Agora, sobre os erros mais comuns, olha... tem alguns tropeços clássicos. O Gustavo, por exemplo, sempre confunde FMI com ONG. Ele acha que toda organização internacional tá ali pra ajudar diretamente como as ONGs fazem. E eu entendo, porque a sigla é parecida e o nome não dá muito spoiler do que cada um faz. Quando pego esse erro na hora, tento voltar à explicação das funções específicas de cada uma dessas organizações e falo: "Gustavo, pensa que o FMI tá mais pra banco mundial que quer garantir economia estável do que pra uma ONG que tá ali na linha de frente dando suporte diretamente pras pessoas". Essa comparação ajuda ele a separar as coisas.

Outra confusão comum é com o Matheus (outro Matheus, não o do TDAH), que sempre mistura o continente africano com países específicos e suas culturas. Tipo assim, ele diz que toda África é igual ao Egito. Aí eu paro e falo: "Matheus, pensa no Brasil e nos Estados Unidos. Somos todos América, mas bem diferentes em muita coisa". E aí mostro imagens ou vídeos de diferentes países africanos pra ele ver as diversidades culturais.

Falando no Matheus com TDAH e na Clara com TEA, cada dia é um aprendizado novo com eles. Com o Matheus, percebi que atividades mais dinâmicas ajudam muito. Tipo, ele se dá super bem quando eu uso jogos educativos ou atividades práticas. Na aula sobre organizações internacionais, fizemos uma simulação de uma assembleia da ONU. Dei pra ele um papel de destaque porque ele adora falar e se movimentar. Funcionou bem! Mas tem vezes que preciso ajudá-lo a voltar pro foco da atividade quando ele se empolga demais.

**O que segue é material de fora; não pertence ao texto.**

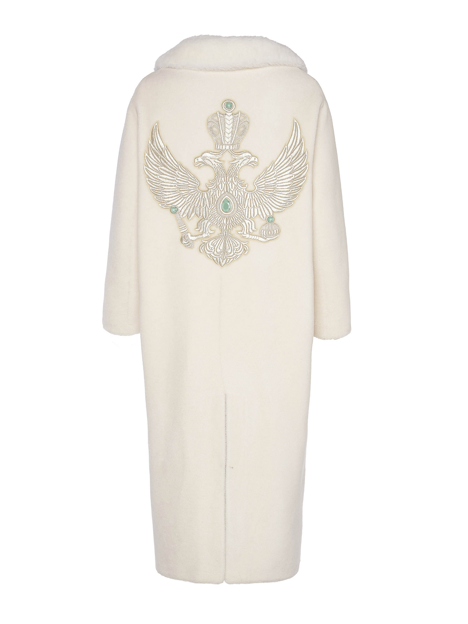 Двуглавый орел на шубе вышит золотыми нитями, в которых содержится 6% белого золота. Кроме того, здесь аутентичная старинная техника шитья органично сочетается с инкрустацией современными камнями Swarovski. Такая комбинация делает изделие неповторимым и превращает его в роскошный символ царского наследия России.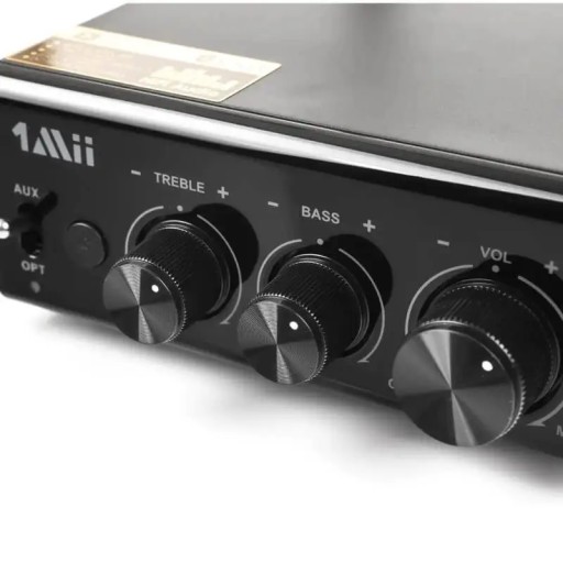 Wzmacniacz dźwięku 1Mii B08+ posiada pokrętła regulacje basu, tonów wysokich oraz głośności, dzięki czemu można w łatwy sposób dostosować dźwięk do swoich preferencji. Dzięki temu, urządzenie pozwala na obsługę nawet dwóch głośników 100W.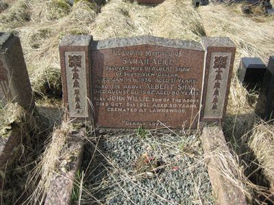 Sec 10 No 52 SHAW In Loving Memory of Sarah Alice beloved wife of Albert Shaw of South View, Golcar, died Jan. 14th 1936, aged 71 years Also the above Albert Shaw, died August 6th 1942, aged 80 years Also John Willie, son of the above died Oct. 9th 1951, aged 50 years Cremated at Lawnswood “Dearly loved”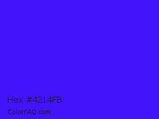 Hex #4214fb Color is a normal indigo color and the nearest color is Han Purple #5218fa. Hex code #4214fb and RGB value is rgb(66,20,251). In RGB color space, this color is composed of 26% red, 8% green, 98% blue, In CMYK color space, this color is composed of 74% cyan, 92% magenta, 0% yellow , 2% black , In HSL color space, this color has a hue angle of 252° , 97% saturation and 53% lightness.
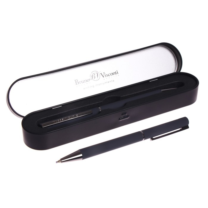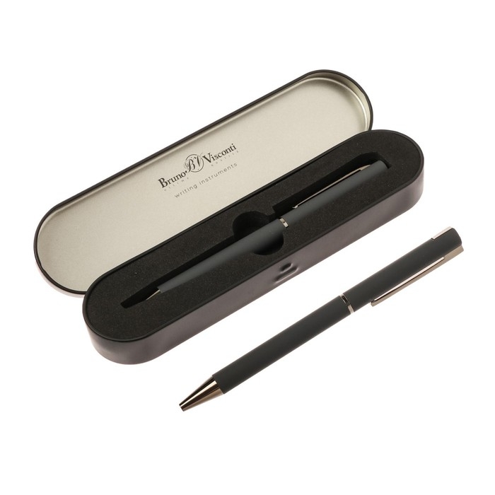 Ручка шариковая поворотная, 0.7 мм, Bruno Visconti Bergamo, стержень серый, серый металлический корпус, в металлическом футляре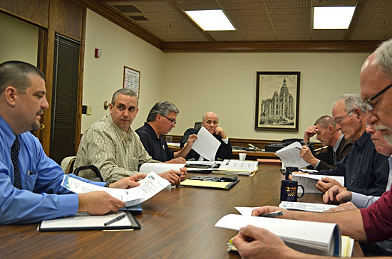 The commissioners, Judge Steele, Bruce Miller and Christopher Monnin of Minster-based Garmann/Miller Architects-Engineers and Chris Johnson, project administrator for Energy Optimizers USA, also attended the meeting to provide their input on the project.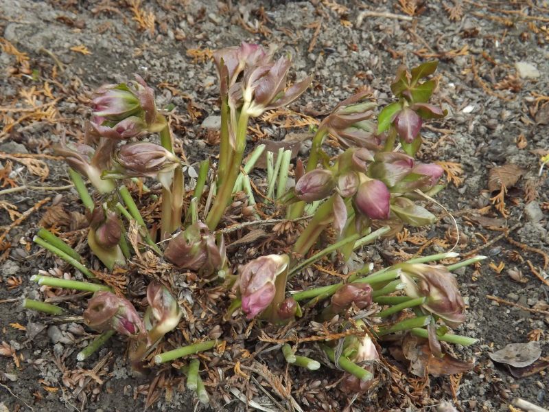 Ciemiernik (Helleborus x) 'White Beauty' wygląda niezbyt ciekawie bez liści i z nierozwiniętymi pąkami krecigl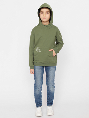 Толстовка для мальчика с капюшоном и карманом "кенгуру" спереди. Капюшон с подкладкой. Рукава длинные, с манжетами по низу. Низ изделия оформлен притачным поясом. Пояс и манжеты выполнены из полотна с эластаном. На левый рукав настрочена жаккардовая этикетка, на карман нанесен принт.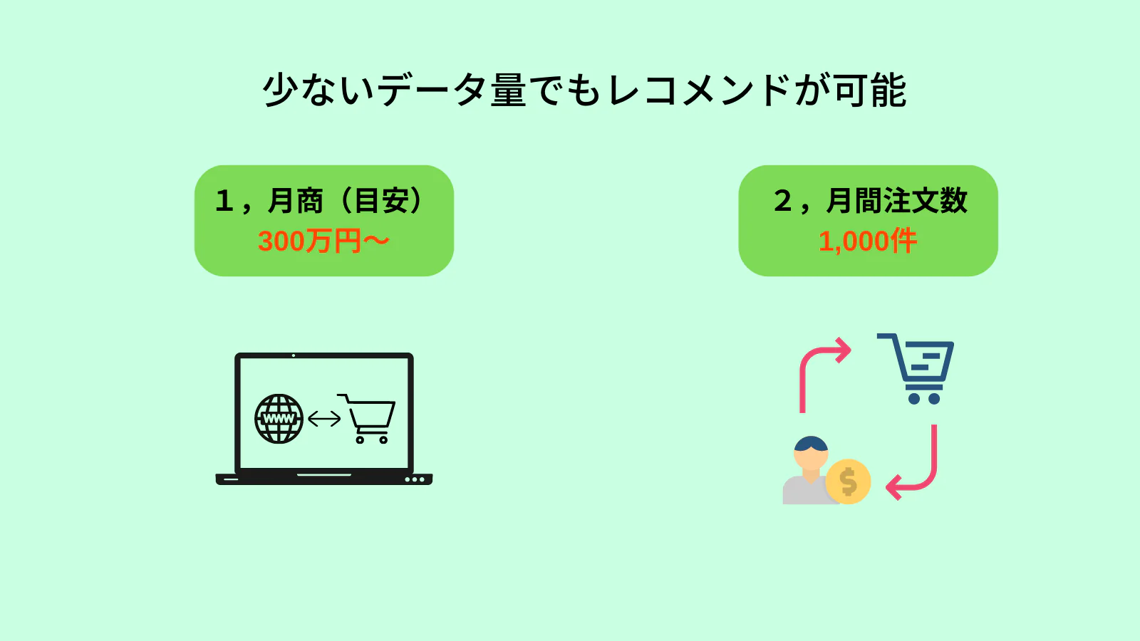 新規顧客獲得コスト削減 : データがない新規顧客に対しても、離脱回避するためのレコメンド発信が可能なので、新規顧客獲得にも繋がり、マーケティングの工数を削減し、顧客獲得に繋げる、レコメンドエンジンです。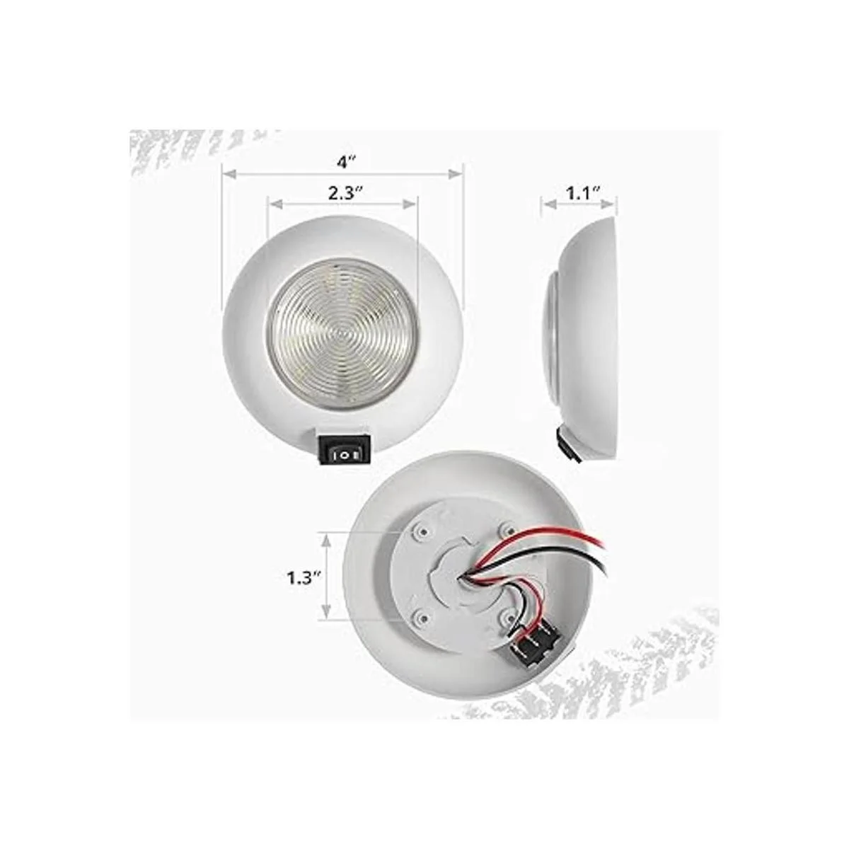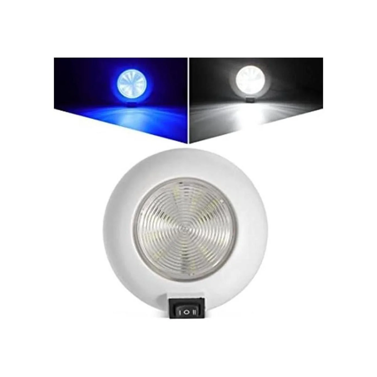 Esta luz redonda de 4 pulgadas para caravana o remolque de barco funciona con interruptor basculante de 3 vías blanco/apagado/azul y combinación de 9 azules/12 LED blancos es ideal para uso interior en barcos, caravanas, autocaravanas y otras aplicaciones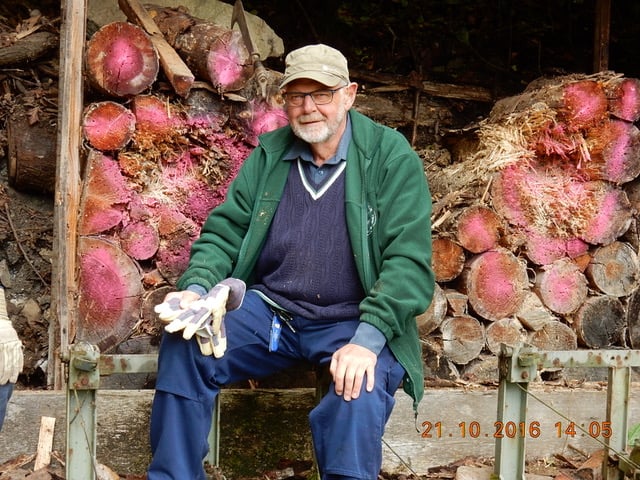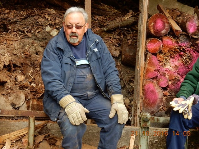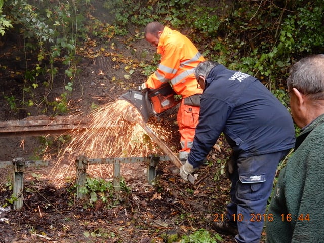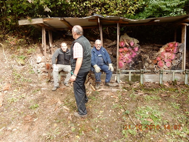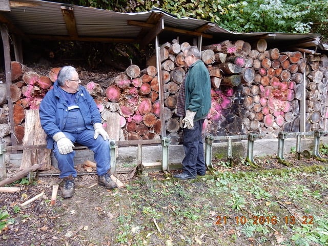 Da die arbeitenden Kollegen von hinten weniger fotogen waren, sind sie eben sitzend von vorne abgelichtet. Hans hat trotz falscher Handschuhe bewiesen, dass er auch zwei rechte Hände hat und entsprechend zugreifen konnte.

Já com a Clara, é diferente. Ela funciona melhor quando tem uma estrutura clara e previsível na aula. Uso muitos mapas visuais com ela porque ela adora detalhes visuais e isso ajuda a manter o foco dela. Também procuro dar instruções curtas e bem específicas pra ela não se perder na atividade. Um erro meu no começo foi tentar envolver ela em debates longos — isso não rolou muito bem. Percebi que ela fica mais confortável quando pode processar as informações no tempo dela.

E olha, pra ambos eu também tento adaptar o tempo de atividades. Às vezes dou mais tempo pra Clara terminar uma atividade escrita porque sei que ela precisa processar tudo direitinho antes de colocar no papel. E pro Matheus, alterno entre momentos de atividade intensa e pausas curtas pra ele não se cansar ou dispersar demais.

Bom gente, é isso! Cada aluno tem seu jeito e adaptar nossa prática faz toda a diferença. Mas como sempre digo: é dia após dia que a gente vai ajustando as coisas e aprendendo junto com eles. Vou ficando por aqui por hoje, mas tô ansioso pra saber como vocês lidam com essas situações nas escolas de vocês também! Abraço!